Sans hésiter, je le prends dans mes bras, l'attirant vers mon cœur. Sa tête se pose sur mon crâne. Après quelques instants, il se laisse enfin aller.

Nous demeurons ainsi une minute ou deux, le temps nécessaire pour lui transmettre tout l'amour et la confiance que j'éprouve, savourant notre proximité. Puis, il se recule doucement.

— Est-ce pour cela que tu tiens tout le monde à distance en étant si froid ?

— J'ai parfois l'impression que quelque chose est brisé en moi. Que je serai pour toujours une créature brutale et sanguinaire.

— Je suis persuadée du contraire.

— Je fais tout ce que je peux pour ne pas perdre les pédales, et pour ne pas me faire dominer par ma colère. C'est elle qui me terrifie le plus. La solution la plus efficace jusqu'à récemment était d'empêcher les gens de m'atteindre.

Il comprend mon interrogation silencieuse.

— Quelque chose d'autre me canalise désormais. Toi.

Il m'adresse enfin un sourire. Mon ventre papillonne.

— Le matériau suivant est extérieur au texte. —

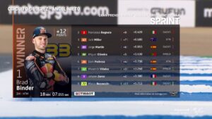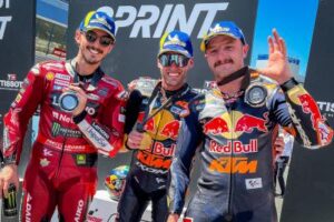 Brad Binder (Red Bull KTM Factory Racing) ha vinto la Tissot Sprint del GP di Spagna, con la seconda piazza decisa all’ultimo giro in un duello che ha coinvolto Francesco Bagnaia (Ducati Lenovo Team) e Jack Miller (Red Bull KTM Factory Racing), finiti nell’ordine dopo 11 giri del tracciato di Jerez. Quarto alla bandiera a scacchi Jorge Martin (Prima Pramac Racing), davanti a Miguel Oliveira (CryptoDATA RNF MotoGP Team) e alla wildcard Dani Pedrosa (Red Bull KTM Factory Racing): grazie a lui, il marchio austriaco ha messo tre moto nelle prime sei posizioni. Per Binder, il secondo successo nella gara del sabato dopo quello ottenuto in Argentina, nel secondo round della stagione.

— Être près de toi m'apaise. En comparaison avec les démons qui peuplent mon esprit, tu es incroyablement douce, calme et compréhensive. Immensément brave. Tu n'imagines pas combien je me bonifie en ta présence. J'ai déjà l'impression de ne plus rien avoir à voir avec le moi d'il y a un an.

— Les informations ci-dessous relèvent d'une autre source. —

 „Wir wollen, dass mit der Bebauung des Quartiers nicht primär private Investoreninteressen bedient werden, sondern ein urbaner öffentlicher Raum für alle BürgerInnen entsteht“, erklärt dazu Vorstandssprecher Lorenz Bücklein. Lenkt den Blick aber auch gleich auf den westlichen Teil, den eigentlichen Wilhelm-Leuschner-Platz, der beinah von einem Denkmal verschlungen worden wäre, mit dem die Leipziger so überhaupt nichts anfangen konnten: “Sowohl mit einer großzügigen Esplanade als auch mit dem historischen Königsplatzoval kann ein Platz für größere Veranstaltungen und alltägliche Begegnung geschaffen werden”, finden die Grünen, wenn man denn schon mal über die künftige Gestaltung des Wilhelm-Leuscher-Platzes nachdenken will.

Ses paroles résonnent comme la plus agréable des musiques à mes oreilles.

— Tu aurais dû m'en parler tout de suite, je lui reproche gentiment.

— C'est plus facile à dire qu'à faire. J'ai le sentiment que plus je mets des mots sur ces angoisses, plus elles deviennent réelles.

— Nous devons mettre fin à ces doutes, j'affirme. Comprendre une bonne fois pour toutes ce que tu es.

— Je crains fort que nos recherches ne nous mènent à rien. S'il existait une explication à mon histoire, je l'aurais trouvée, depuis le temps.

Tandis qu'il termine sa tirade, nous plongeant dans le silence, la solution s'impose à moi, comme par magie. Peut-être n'a-t-il pas cherché au bon endroit.

Une seule personne peut m'aider à résoudre ce mystère. Son prénom est inscrit en lettres de feu dans mon esprit et son visage angélique me nargue depuis qu'il m'a donné rendez-vous lors de notre prochaine chasse aux Vampires.

Après avoir pris congé d'Aaron, je m'en vais me coucher. Il est tard. Je me glisse sous mes draps avec bonheur, avec une pensée pour la nuit dernière, lorsque Aaron m'avait portée jusqu'à mon lit et avait pris soin de moi.

Je m'endors sereinement. Mes rêves sont peuplés d'images d'Aaron, de Jake, d'Eden. Mais, après plusieurs heures, tout disparaît soudainement lorsque la sirène du Centre retentit, me réveillant en sursaut.

Je me lève instantanément, bondissant sur mes pieds. Je sais ce que ce son signifie. Ce n'est pas la même alarme que celle qui nous réveille le matin. Celle-là nous informe que nous partons à la chasse.

Et comme pour confirmer mes dires, à peine quelques secondes plus tard, une voix résonne dans les haut-parleurs, finissant de me tirer de ma torpeur.

— Alerte à tous les Chasseurs. Les Vampires que nous traquions ont été aperçus à New York. Tous les effectifs sont requis. Merci de vous préparer pour la mission. Départ dans quinze minutes.

Je me mets en mouvement, regroupant mes affaires. Mais pour la première fois, je ne pense pas une seule seconde aux Vampires, à la peur, à la mort. La seule image occupant mon esprit est celle d'Eden.